Downs Cell - How IT Works

How It Works

The Downs cell uses a carbon anode and an iron cathode. The electrolyte is sodium chloride that has been fused to a liquid by heating. Although crystalline sodium chloride is a poor conductor of electricity, fusing it mobilizes the sodium and chloride ions, which become charge carriers and allow conduction of electric current.

Some calcium chloride and/or chlorides of barium and strontium, and, in some processes, sodium fluoride are added to the electrolyte to reduce the temperature required to keep the electrolyte liquid. Sodium chloride normally melts at 801 °C, but the mixture can be kept liquid at temperatures around 600 °C.

The anode reaction is:

2Cl– → Cl2 + 2e–

The cathode reaction is:

2Na+ + 2e– → 2Na

for an overall reaction of

2Na+ + 2Cl– → 2Na + Cl2

The calcium does not enter into the reaction because its reduction potential of 2.87 volts is higher than that of sodium. Hence the sodium ions are reduced to metallic form in preference to those of calcium. If the electrolyte contained only calcium ion and no sodium, it would be calcium metal produced as the cathode product (which indeed is how metallic calcium is produced).

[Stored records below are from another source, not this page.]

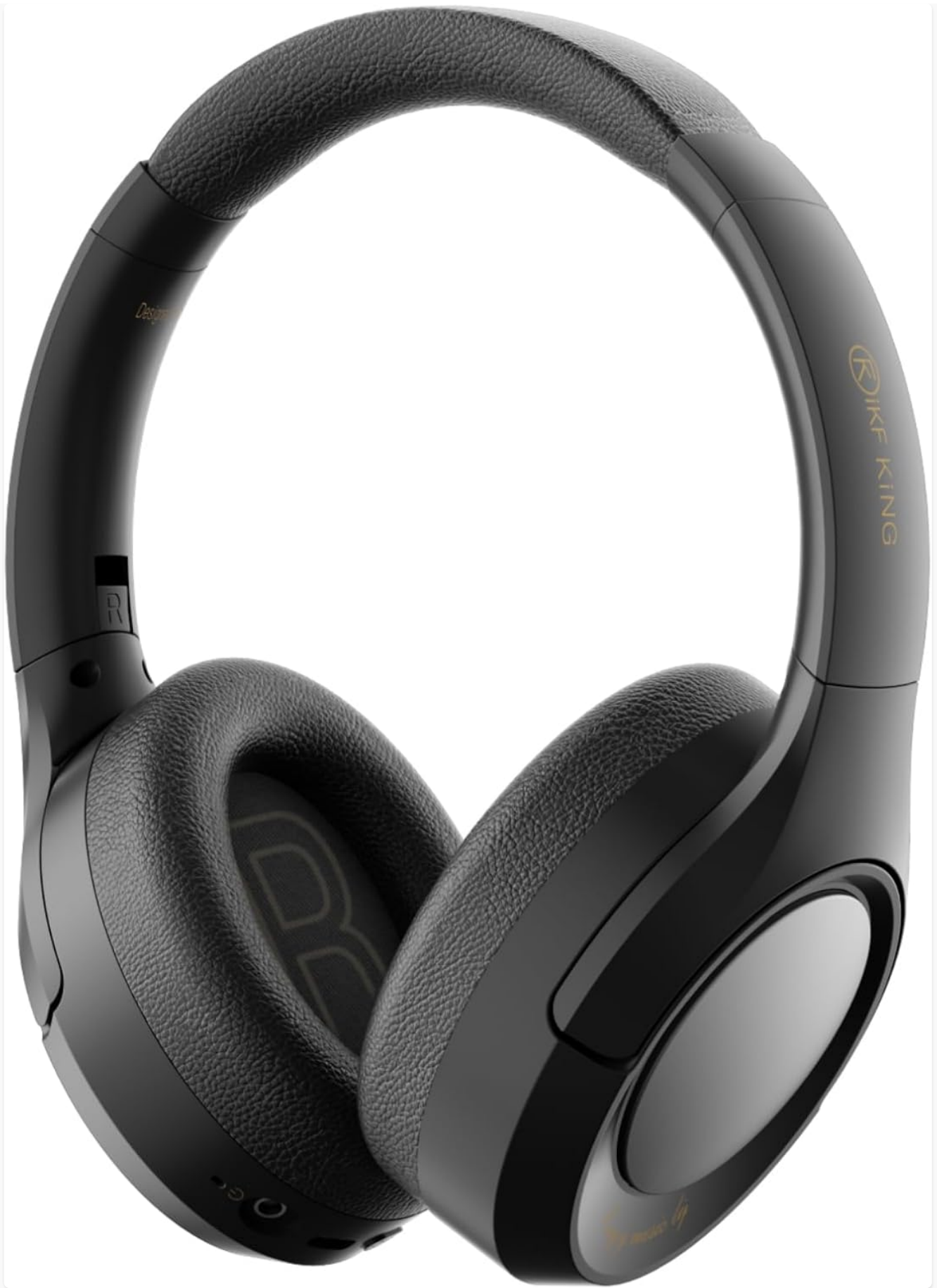
Image: Front view of the iKF King Wireless Active Noise Cancelling Headphones in black. This image highlights the overall design and form factor of the product.
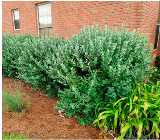
Pineapple Guava Acca sellowiana
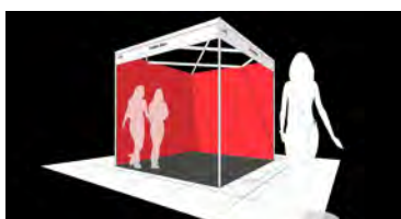
Flush Fitting Graphic
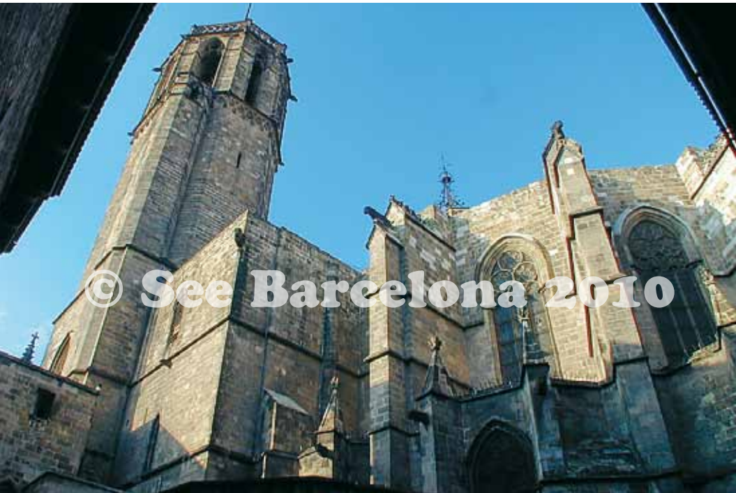
Barcelona's Cathedral: exterior of ambulatory and belfry

Considered by many to be the most perfect example of Catalan Gothic architecture, it's harmonious interior boasts excellent acoustics that make it a preferred concert venue. Begun in 1329 by Berenguer de Montagut, and completed in 1383, this church was built during the height of Catalan overseas expansion. In July of 1936, during the Spanish Civil War a fire destroyed much of the interior.
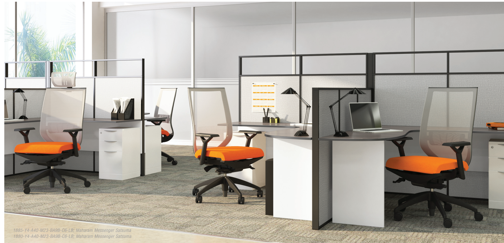
1885-Y4-A40-M23-BA99-C6-LB; Maharam Messenger Satsuma 1880-Y4-A40-M23-BA99-C6-LB; Maharam Messenger Satsuma
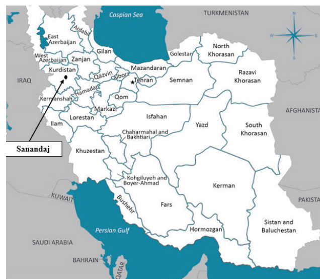
Figure 2. The Study Location

Data collection was conducted in the classroom during regular school hours and supervised by trained assistants without the presence of teachers. Persian version of anonymous and confidential self-administered questionnaire (answered by the respondents themselves) was used in this study. Participants were ensured of anonymity and confidentiality throughout the study. All question items were translated into Persian, which was verified by back-translation performed by a different professional person. The questionnaire was pretested
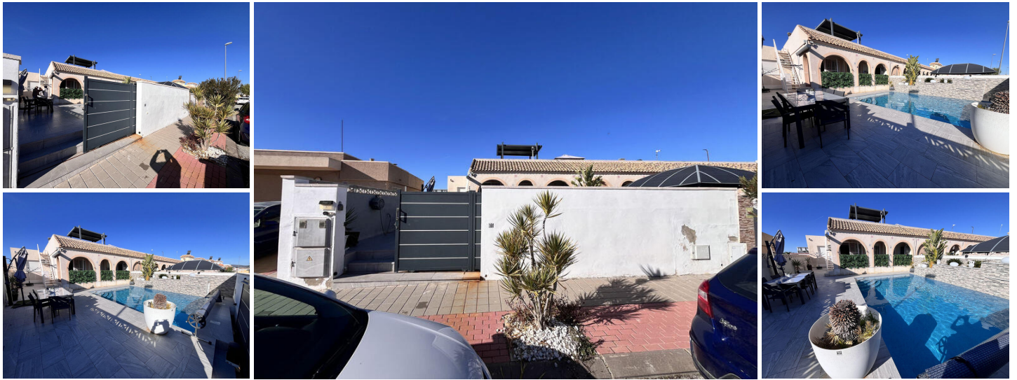
Detached villa with pool – Sought-after area

Discover this charming detached villa offering 3 bedrooms and 1 bathroom, ideal as a primary residence or a holiday home.
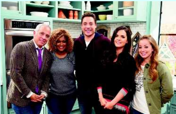
Geoffrey Zakarian, Sunny Anderson, Jeff Mauro, Katie Lee and Marcela Valladolid as seen in "The Kitchen"

"The Kitchen" is currently in its 12th season, and if there's one thing that's helped it stand out in a crowded talk show landscape, it's the warmth and chemistry between its hosts. Geoffrey, Katie, Sunny, Jeff and Marcela are all cheesing it up in the kitchen Saturday, March 25, on Food Network.
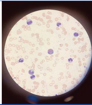
[Table/Fig-5]: HRCT thorax showing traction bronchiectasis. [Table/Fig-6]: Showing follow-up image with reduced eosinophilia (Geimsa stain, 400X magnification). (Images from left to right)
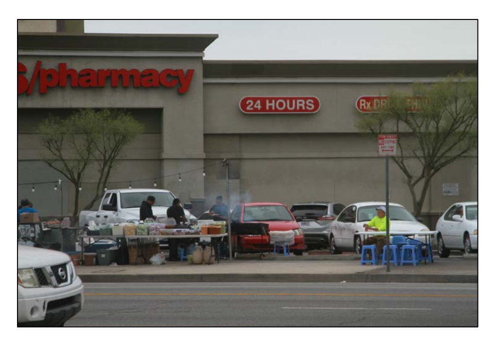
Figure 5. Almost the entire portion of the sidewalk (that is adjacent to commercial land use) is consumed by the open-flame sidewalk vendor. Aside from the two grills and condiment tables an additional table with seating is made available to the clientele where the seating impedes proper access and use of the sidewalk by the general public and particularly people with mobile disabilities. Same vendor shown in Figures 3 and 4 on Nordhoff Street side at CVS Pharmacy, 9089 Woodman Avenue, Arleta, on May 7, 2019, at 6:17 PM.
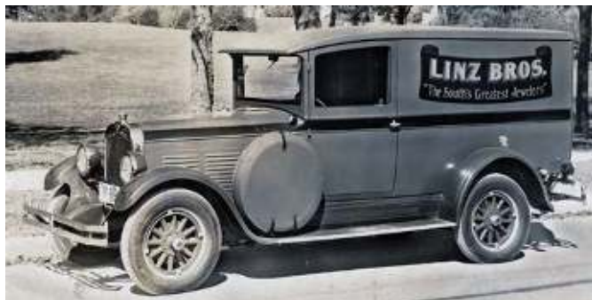
THE SOUTH'S GREATEST JEWELERS
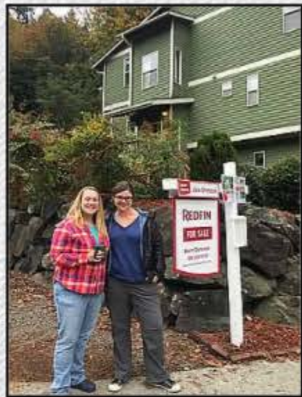
Our forever home

We looked for a house for a year. When we saw our house we knew it was meant to be. We enjoy filling our house with friends and family, friends for dinner, game nights, sleepovers, music, and love.
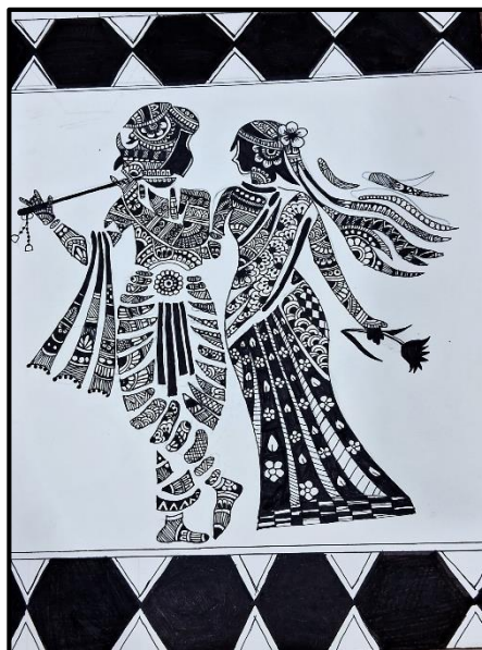
~ AVISHI AGARWAL (VII C)
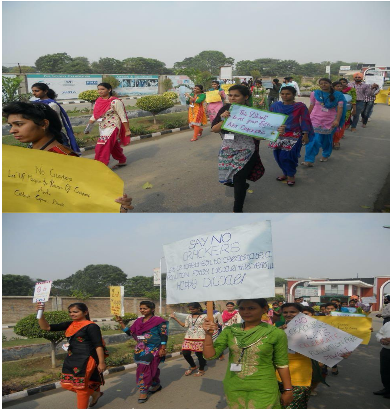
Green Diwali: Anti-Cracker Campaign: Volunteers raising the Slogans using Placards in the campus to create the awareness during this Campaign dignitaries along with the winners
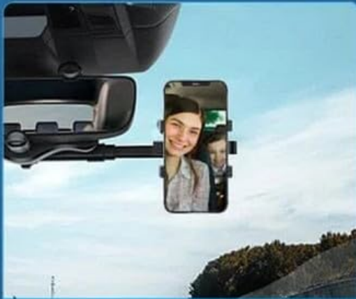
Live selfie recording
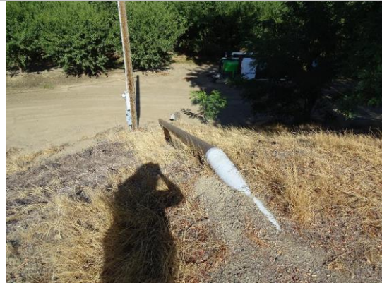
View of LS slope.
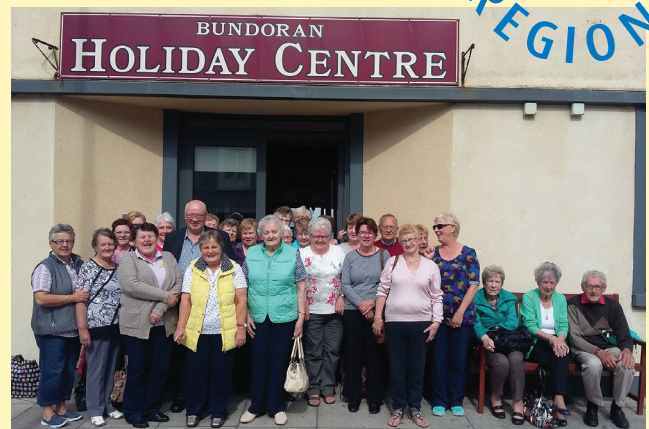
Enjoying a weekend at the Ozanam House Holiday Centre are a group from Cookstown Conference.
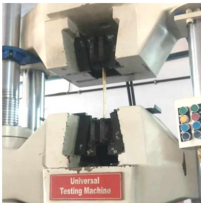
Fig -4: Tensile Test Set-up

After the specimens were tested on UTM, the readings shown in table no 2 were obtained.

Both the products of the electrolysis, sodium metal and chlorine gas, are less dense than the electrolyte and therefore float to the surface. Perforated iron baffles are arranged in the cell (see the diagram to the right) to direct the products into separate chambers without their ever coming into contact with each other.

Although theory predicts that a potential of a little over 4 volts should be sufficient to cause the reaction to go forward, in practice potentials of up to 8 volts are used. This is done in order to achieve useful current densities in the electrolyte despite its inherent electrical resistance. The overvoltage and consequent resistive heating contributes to the heat required to keep the electrolyte in a liquid state.

The Downs process also produces chlorine as a byproduct, although chlorine produced this way accounts for only a small fraction of chlorine produced industrially by other methods.